About 35 people attended to hear a hired consultant explain the operational and safety issues involved in a skydiving operation co-existing on the airport. I’d describe the atmosphere in the room as respectfully skeptical; no one was pounding the table in opposition, but no one was swooning over doing their first tandem near the beach, either. I went in intending to argue in favor of the proposal until the consultant threw up a slide of five potential landing spots on the airport. Are you kidding? I thought. Every one of them had a potential conflict with a runway or a pattern. I was beginning to think the skydiving proposal was a bad idea after all.

As the meeting wore on, someone asked who would decide the issue and how. Ultimately, it would be the FAA, based on risk analysis. Further probing caused the scales from eyes to slide away. There is absolutely no numerical metric, no logical path or framework to assign risk to such a thing. First, there’s no useful accident or incident data to work with and second, there are far too many variables. So it’s done on gut feel and emotionalism, a theme readers of this blog will recognize as an obsession of mine.

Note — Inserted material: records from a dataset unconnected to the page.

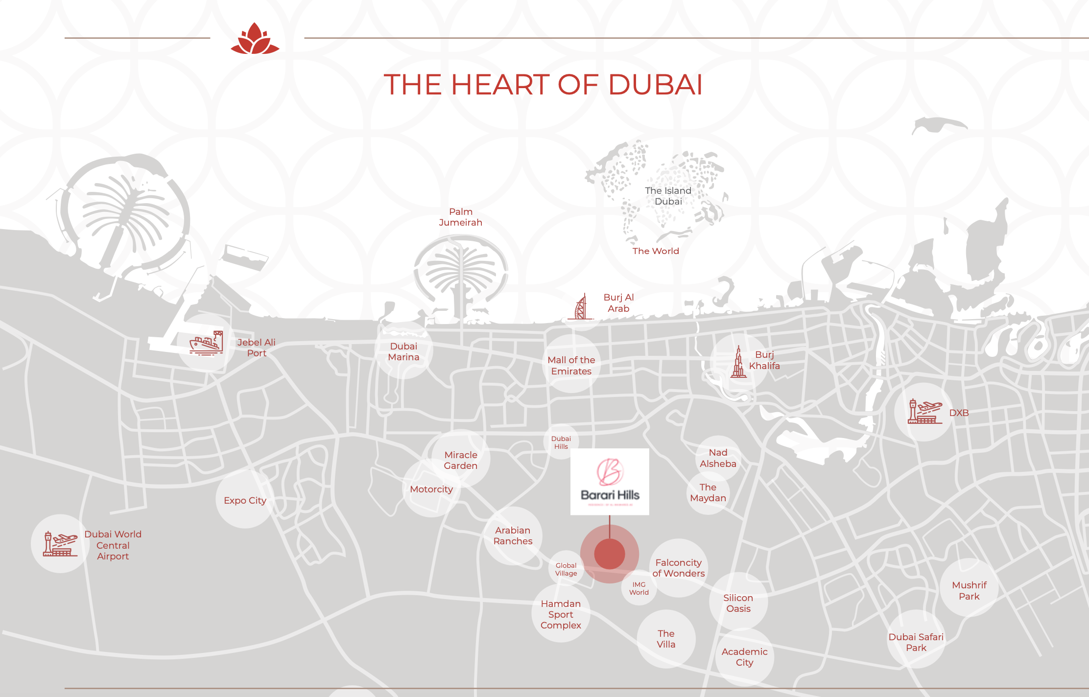 Commanding a prime position within the bustling Barari Hills locale, this development places residents at the nexus of urban convenience. Enjoy seamless connectivity to the emirate's essential road networks, prominent business districts, and celebrated cultural attractions. This strategic setting ensures that Dubai's myriad opportunities are always within easy reach, blending cosmopolitan vibrancy with a tranquil home environment.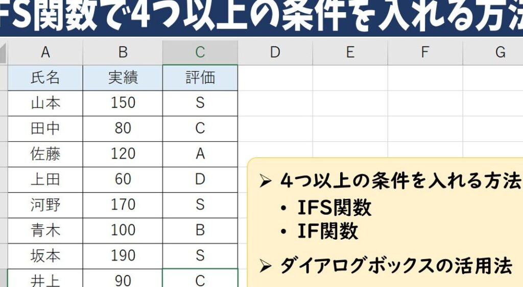 =IFS(A1>=90, “A”, A1>=80, “B”, A1>=70, “C”, A1>=60, “D”, TRUE, “再試験”)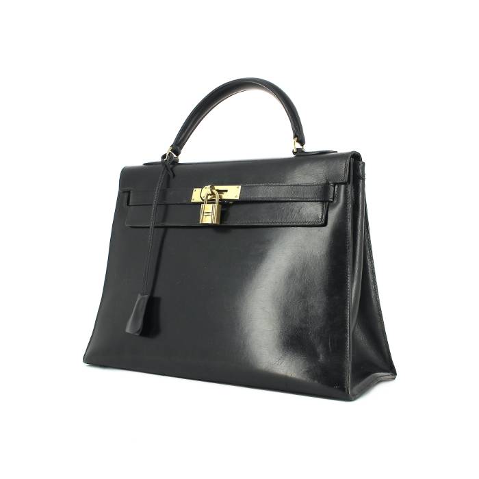 Encantador bolso de mano "Kelly 32 cm" de cuero box negro, adorno de metal dorado, asa sencilla de cuero negro para llevar en la mano.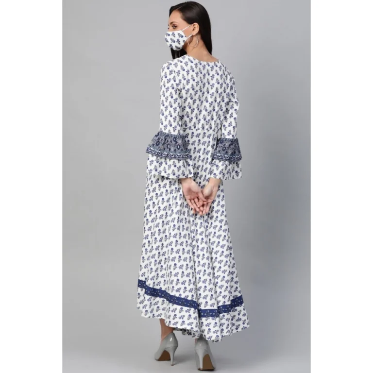 Generic Women’s Casual Bell Sleeve Floral Printed Rayon Dress (White & Blue)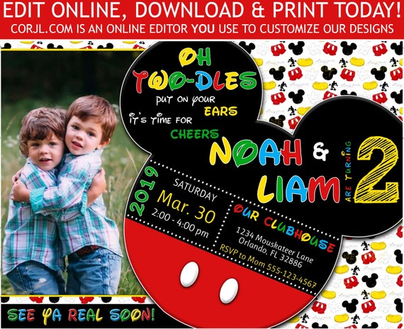 Mickey Mouse Twins Two Dles Twodles Photo Invite 2nd Birthday Etsy

And I was doing it myself. When I looked at those five circles representing potential landing areas, I thought they would conflict impossibly with aircraft traffic, but on further consideration, they were no better or worse than other airports I’ve jumped into. At Zephyrhills, where I regularly jump, there’s mixed traffic just as Venice has, including gliders operating on the same runway as skydiving aircraft do. This mix has co-existed satisfactorily for years and probably will for years to come. Despite legitimate fears raised by many, including me, I think the same would be true of our little airport.

I’ve noticed that pilots and airport communities sometimes adopt a circle-the-wagons reaction to fringe operations that aren’t down the center lane. Skydiving is one. Powered parachutes and gliders another. There’s a tendency to spring immediately to no, then figure out reasons to support that view. To its credit, the FAA is saying that’s not going to work this time, so better come up with some good explanations. That will be difficult for the reasons I’ve stated above because the usual emotional, anything-could-happen argument can’t be supported by anything remotely resembling a demonstrated fact pattern, even if the risk really is as high as the imagined worst-case scenarios.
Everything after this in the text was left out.